Nie znam się na matematyce, ale wiem jak jest na psychologii. Pewnie jest inaczej, ale nie bardzo różnie
Licencjat / inżynierka - +- trzyletnie studia. Zakończone pracą na jakiś temat, nic trudnego
Magister - magisterka wymaga na psychologii przeprowadzenia własnych badań, nie wiem jak na matmie, ale pewnie też coś na podobnym stopniu trudności. Ty prowadzisz badania, ale pomysł na badania może być kogoś innego i ty replikujesz
Doktorat - na psychologii i ekonomii wymaga odkrycia czegoś nowego w nauce czego wcześniej nie wiedziano. Nie wiem jak w matmie.

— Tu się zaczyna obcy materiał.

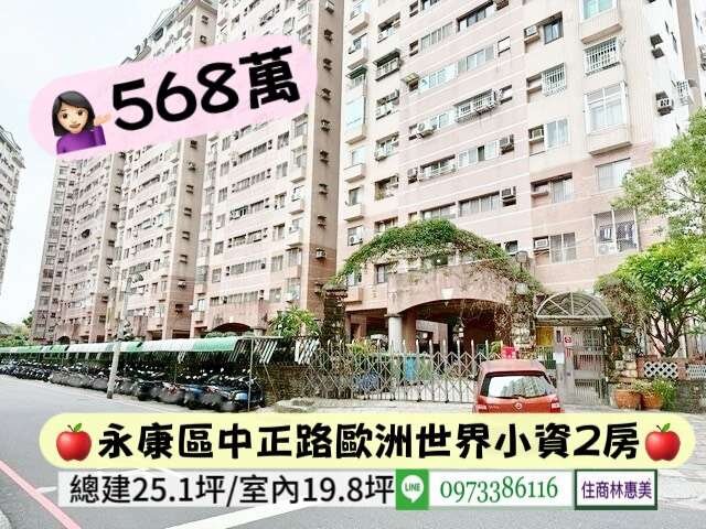 #568萬買永康區中正路歐洲世界小資兩房/住商林惠美0973386116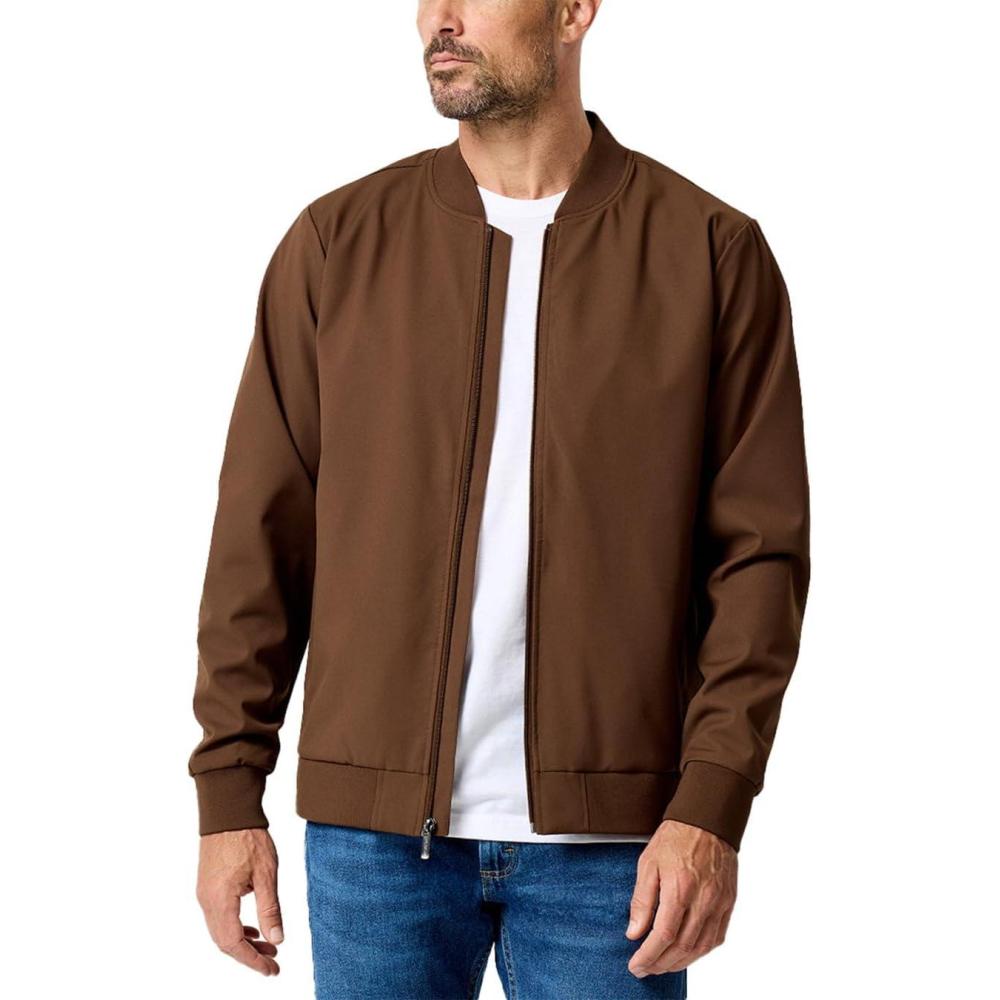 INTO THE AM Lightweight Bomber Jacket Men S-4XL – Lightweight Bomber Jacket Casual Zip-Up Outerwear for Fall(Dark Brown)

Ogólnie jak już jesteś doktorem to reprezentujesz bardzo wysoki poziom wiedzy i tak dalej.
Habilitacja (doktor habilitowany) - od tego momentu jest się niezależnym pracownikiem naukowym (nie potrzebujesz promotora) i grzecznościowo zwracają się do ciebie per "profesor". Na habilitację masz chyba 8 lat, równolegle pracujesz na uczelni i robisz inne rzeczy ze swojego życia. Większość moich prowadzących to doktorzy którzy robią habilitację.
Profesor nadzwyczajny - nie wiem jak przechodzi się z doktora habilitowanego na profesora nadzwyczajnego.
Profesor zwyczajny -
Do całości na pewno wymagana jest praca na uczelni. Na pewno też po drodze jest obowiązek pracy ze studentami.
Ważna jest też liczba publikacji naukowych i ich cytowalność
I ilość konferencji na jakich się występowało
I ilość przeprowadzonych badań (ale tego możliwe, że w matmie nie ma, bo nie jest nauką empiryczną)
Mam parę pomysłów, ale nie wiem czy będą one miały sens być uznawane w środowisku naukowym.
Środowisko matematyków na Twoje szczęście często mniej chodzi po ziemii, niż środowisko innych nauk.